**YOUR GOAL:** Transcribe all of the listing below in full.

**RECORDS FOR THIS TASK:**
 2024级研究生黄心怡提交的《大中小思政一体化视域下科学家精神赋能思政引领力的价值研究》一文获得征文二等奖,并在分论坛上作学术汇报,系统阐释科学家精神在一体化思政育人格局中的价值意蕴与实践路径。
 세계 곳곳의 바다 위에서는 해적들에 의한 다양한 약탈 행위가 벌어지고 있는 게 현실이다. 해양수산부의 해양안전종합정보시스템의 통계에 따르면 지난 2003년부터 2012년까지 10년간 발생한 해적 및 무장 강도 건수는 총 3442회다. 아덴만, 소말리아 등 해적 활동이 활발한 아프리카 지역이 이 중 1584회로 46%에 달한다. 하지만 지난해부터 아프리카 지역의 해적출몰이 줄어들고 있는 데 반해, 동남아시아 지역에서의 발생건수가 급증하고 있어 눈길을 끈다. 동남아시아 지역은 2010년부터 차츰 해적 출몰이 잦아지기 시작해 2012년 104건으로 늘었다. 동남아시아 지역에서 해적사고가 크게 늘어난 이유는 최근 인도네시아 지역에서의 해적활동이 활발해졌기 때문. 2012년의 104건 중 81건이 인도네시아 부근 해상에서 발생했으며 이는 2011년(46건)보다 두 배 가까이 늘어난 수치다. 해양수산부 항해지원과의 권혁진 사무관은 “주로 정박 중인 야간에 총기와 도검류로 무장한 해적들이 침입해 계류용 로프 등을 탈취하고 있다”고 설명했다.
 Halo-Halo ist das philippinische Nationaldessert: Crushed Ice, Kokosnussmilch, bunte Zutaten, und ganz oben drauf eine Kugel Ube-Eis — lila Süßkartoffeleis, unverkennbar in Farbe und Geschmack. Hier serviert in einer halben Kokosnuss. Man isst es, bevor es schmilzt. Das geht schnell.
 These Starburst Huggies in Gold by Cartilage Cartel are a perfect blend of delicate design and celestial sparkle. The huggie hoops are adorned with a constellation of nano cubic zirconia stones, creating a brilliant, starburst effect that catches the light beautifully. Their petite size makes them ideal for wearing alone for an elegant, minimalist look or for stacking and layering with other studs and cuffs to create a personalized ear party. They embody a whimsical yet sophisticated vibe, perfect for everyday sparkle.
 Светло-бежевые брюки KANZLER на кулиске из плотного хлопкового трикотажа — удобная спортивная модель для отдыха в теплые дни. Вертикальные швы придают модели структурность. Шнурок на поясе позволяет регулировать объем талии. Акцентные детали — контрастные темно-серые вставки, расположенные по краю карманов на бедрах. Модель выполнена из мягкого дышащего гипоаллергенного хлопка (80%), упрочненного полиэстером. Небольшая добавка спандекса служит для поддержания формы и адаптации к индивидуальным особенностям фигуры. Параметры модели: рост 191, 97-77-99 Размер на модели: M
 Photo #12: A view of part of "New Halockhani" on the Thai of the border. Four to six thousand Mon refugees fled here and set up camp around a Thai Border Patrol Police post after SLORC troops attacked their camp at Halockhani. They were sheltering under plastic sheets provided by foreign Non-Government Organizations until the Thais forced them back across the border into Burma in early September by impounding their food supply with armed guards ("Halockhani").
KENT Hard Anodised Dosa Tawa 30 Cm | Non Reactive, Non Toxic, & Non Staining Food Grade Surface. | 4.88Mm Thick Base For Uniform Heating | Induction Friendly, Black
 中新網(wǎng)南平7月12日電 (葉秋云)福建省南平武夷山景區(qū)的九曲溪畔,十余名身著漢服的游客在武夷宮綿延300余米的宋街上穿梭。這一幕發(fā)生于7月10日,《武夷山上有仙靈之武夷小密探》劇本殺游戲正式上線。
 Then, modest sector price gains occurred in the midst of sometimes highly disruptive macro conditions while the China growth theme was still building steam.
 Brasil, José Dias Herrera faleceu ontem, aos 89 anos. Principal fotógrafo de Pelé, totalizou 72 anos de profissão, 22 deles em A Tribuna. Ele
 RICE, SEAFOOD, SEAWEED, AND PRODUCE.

**RESPONSE TO THE TASK:**
 2024级研究生黄心怡提交的《大中小思政一体化视域下科学家精神赋能思政引领力的价值研究》一文获得征文二等奖,并在分论坛上作学术汇报,系统阐释科学家精神在一体化思政育人格局中的价值意蕴与实践路径。
 세계 곳곳의 바다 위에서는 해적들에 의한 다양한 약탈 행위가 벌어지고 있는 게 현실이다. 해양수산부의 해양안전종합정보시스템의 통계에 따르면 지난 2003년부터 2012년까지 10년간 발생한 해적 및 무장 강도 건수는 총 3442회다. 아덴만, 소말리아 등 해적 활동이 활발한 아프리카 지역이 이 중 1584회로 46%에 달한다. 하지만 지난해부터 아프리카 지역의 해적출몰이 줄어들고 있는 데 반해, 동남아시아 지역에서의 발생건수가 급증하고 있어 눈길을 끈다. 동남아시아 지역은 2010년부터 차츰 해적 출몰이 잦아지기 시작해 2012년 104건으로 늘었다. 동남아시아 지역에서 해적사고가 크게 늘어난 이유는 최근 인도네시아 지역에서의 해적활동이 활발해졌기 때문. 2012년의 104건 중 81건이 인도네시아 부근 해상에서 발생했으며 이는 2011년(46건)보다 두 배 가까이 늘어난 수치다. 해양수산부 항해지원과의 권혁진 사무관은 “주로 정박 중인 야간에 총기와 도검류로 무장한 해적들이 침입해 계류용 로프 등을 탈취하고 있다”고 설명했다.
 Halo-Halo ist das philippinische Nationaldessert: Crushed Ice, Kokosnussmilch, bunte Zutaten, und ganz oben drauf eine Kugel Ube-Eis — lila Süßkartoffeleis, unverkennbar in Farbe und Geschmack. Hier serviert in einer halben Kokosnuss. Man isst es, bevor es schmilzt. Das geht schnell.
 These Starburst Huggies in Gold by Cartilage Cartel are a perfect blend of delicate design and celestial sparkle. The huggie hoops are adorned with a constellation of nano cubic zirconia stones, creating a brilliant, starburst effect that catches the light beautifully. Their petite size makes them ideal for wearing alone for an elegant, minimalist look or for stacking and layering with other studs and cuffs to create a personalized ear party. They embody a whimsical yet sophisticated vibe, perfect for everyday sparkle.
 Светло-бежевые брюки KANZLER на кулиске из плотного хлопкового трикотажа — удобная спортивная модель для отдыха в теплые дни. Вертикальные швы придают модели структурность. Шнурок на поясе позволяет регулировать объем талии. Акцентные детали — контрастные темно-серые вставки, расположенные по краю карманов на бедрах. Модель выполнена из мягкого дышащего гипоаллергенного хлопка (80%), упрочненного полиэстером. Небольшая добавка спандекса служит для поддержания формы и адаптации к индивидуальным особенностям фигуры. Параметры модели: рост 191, 97-77-99 Размер на модели: M
 Photo #12: A view of part of "New Halockhani" on the Thai of the border. Four to six thousand Mon refugees fled here and set up camp around a Thai Border Patrol Police post after SLORC troops attacked their camp at Halockhani. They were sheltering under plastic sheets provided by foreign Non-Government Organizations until the Thais forced them back across the border into Burma in early September by impounding their food supply with armed guards ("Halockhani").
KENT Hard Anodised Dosa Tawa 30 Cm | Non Reactive, Non Toxic, & Non Staining Food Grade Surface. | 4.88Mm Thick Base For Uniform Heating | Induction Friendly, Black
 中新網(wǎng)南平7月12日電 (葉秋云)福建省南平武夷山景區(qū)的九曲溪畔,十余名身著漢服的游客在武夷宮綿延300余米的宋街上穿梭。這一幕發(fā)生于7月10日,《武夷山上有仙靈之武夷小密探》劇本殺游戲正式上線。
 Then, modest sector price gains occurred in the midst of sometimes highly disruptive macro conditions while the China growth theme was still building steam.
 Brasil, José Dias Herrera faleceu ontem, aos 89 anos. Principal fotógrafo de Pelé, totalizou 72 anos de profissão, 22 deles em A Tribuna. Ele
 RICE, SEAFOOD, SEAWEED, AND PRODUCE.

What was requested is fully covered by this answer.